● WORK REQUIRED:
An exact transcription of all the data is required, with every image removed.

● INPUT DATA:
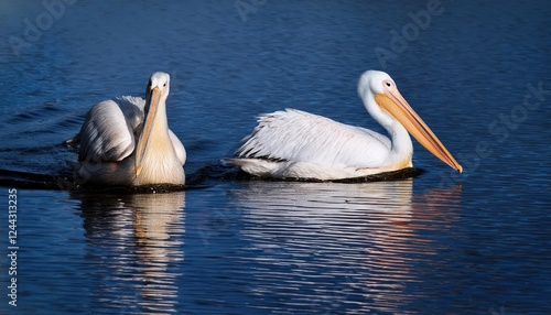 Majestic American White Pelicans Gathering on a Serene Sunset Lake, Capturing the Tranquility and Grace of Natures Majesty
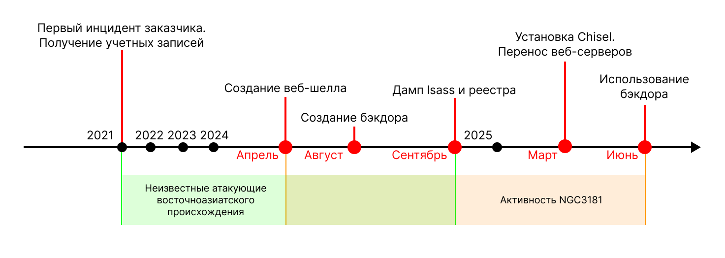 Проведя ретроспективный анализ инфраструктуры, мы обнаружили следы другой атаки, началом которой можно считать 2021 год. Тогда атакующим удалось получить учетные записи нескольких сотрудников, что позволило в дальнейшем развивать атаку в разные сегменты инфраструктуры.
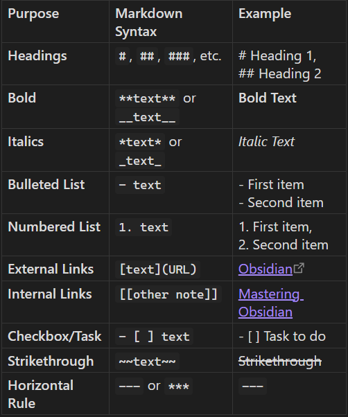 Obsidian’s editor uses Markdown, a simple syntax for formatting plain text. While it may sound technical, Markdown is intuitive and easy to read even without formatting applied. Unlike rich-text editors, Markdown keeps your writing environment clean and distraction-free. Below is a quick reference for essential Markdown commands to help you get started.

● RESULT:
 Majestic American White Pelicans Gathering on a Serene Sunset Lake, Capturing the Tranquility and Grace of Natures Majesty
 Проведя ретроспективный анализ инфраструктуры, мы обнаружили следы другой атаки, началом которой можно считать 2021 год. Тогда атакующим удалось получить учетные записи нескольких сотрудников, что позволило в дальнейшем развивать атаку в разные сегменты инфраструктуры.
 Obsidian’s editor uses Markdown, a simple syntax for formatting plain text. While it may sound technical, Markdown is intuitive and easy to read even without formatting applied. Unlike rich-text editors, Markdown keeps your writing environment clean and distraction-free. Below is a quick reference for essential Markdown commands to help you get started.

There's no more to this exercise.